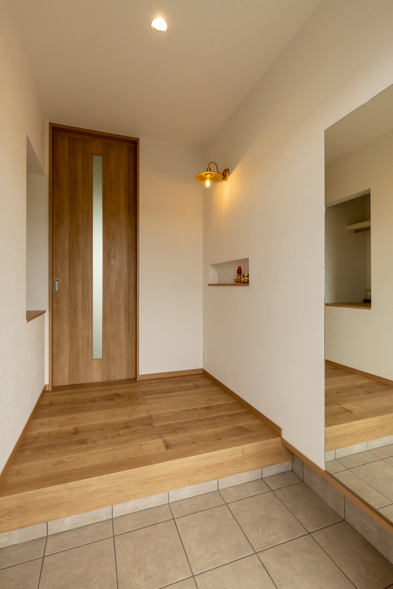 【外観】大きな窓からは豊かな自然光が差し込み、深い軒が直射日光をやわらかく遮ります。ウッドデッキでは休日に心地よいひとときをゆったりと楽しむ、贅沢な時間が広がります。【玄関】天井まで伸びたリビングドアがすっきりとした印象と程よい重厚感をもたらします。壁面のニッチスペースは飾りつけが楽しみになる心弾む空間です。
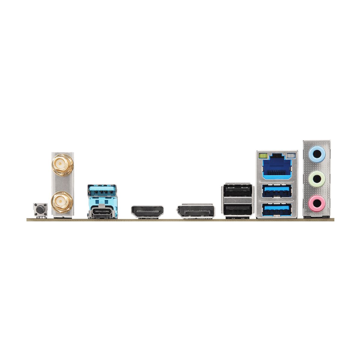 | Panel trasero E/S | 2 x Puertos de antena, 1 x puerto HDMI, 1 x DisplayPort 1.4, 1 x USB 3.2 Gen2x2 Type-C (20 Gb/s), 3 x puertos USB 3.2 Gen1, 2 x puertos USB 2.0, 1 x Puerto RJ-45, 1 x Interruptor Flashback del BIOS, Conectores HD Audio (entrada de línea / Altavoz Delantero / Micrófono). |
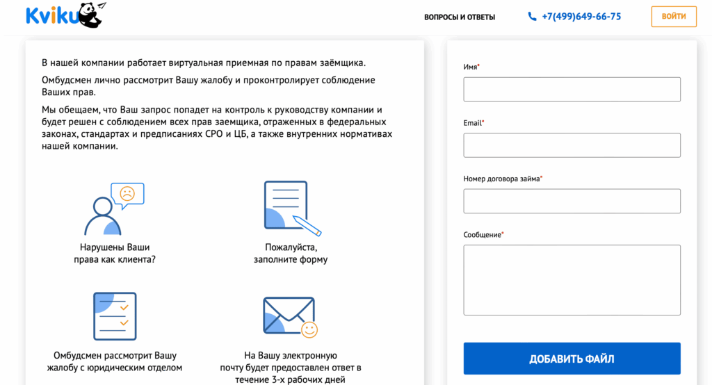 Служба поддержки Kviku консультирует клиентов по большинству вопросов, связанных с оформлением и обслуживанием займа. Обращение возможно как до подписания договора, так и в период его действия.
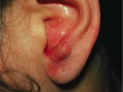 外耳道炎的患者耳洞周围发红、肿胀,上面有一层细密的鳞屑,并在耳廓上有一个球形的疙瘩,牵拉耳廓时患者感到疼痛,说话或咀嚼时疼痛加重。
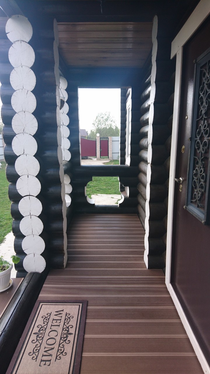 Село Троица в Сылвенском сельском поселении Пермского района Пермского края. Осуществили поставку террасной доски Декрон и ступеней для деревянного коттеджа из оцилиндрованного бруса.
=====
EXERCISE
Leaving out every picture, extract verbatim the lines from the one containing "外耳道炎的患者耳洞周围发红、" through the last line of the listing, inclusive.

ANSWER SECTION
 外耳道炎的患者耳洞周围发红、肿胀,上面有一层细密的鳞屑,并在耳廓上有一个球形的疙瘩,牵拉耳廓时患者感到疼痛,说话或咀嚼时疼痛加重。
 Село Троица в Сылвенском сельском поселении Пермского района Пермского края. Осуществили поставку террасной доски Декрон и ступеней для деревянного коттеджа из оцилиндрованного бруса.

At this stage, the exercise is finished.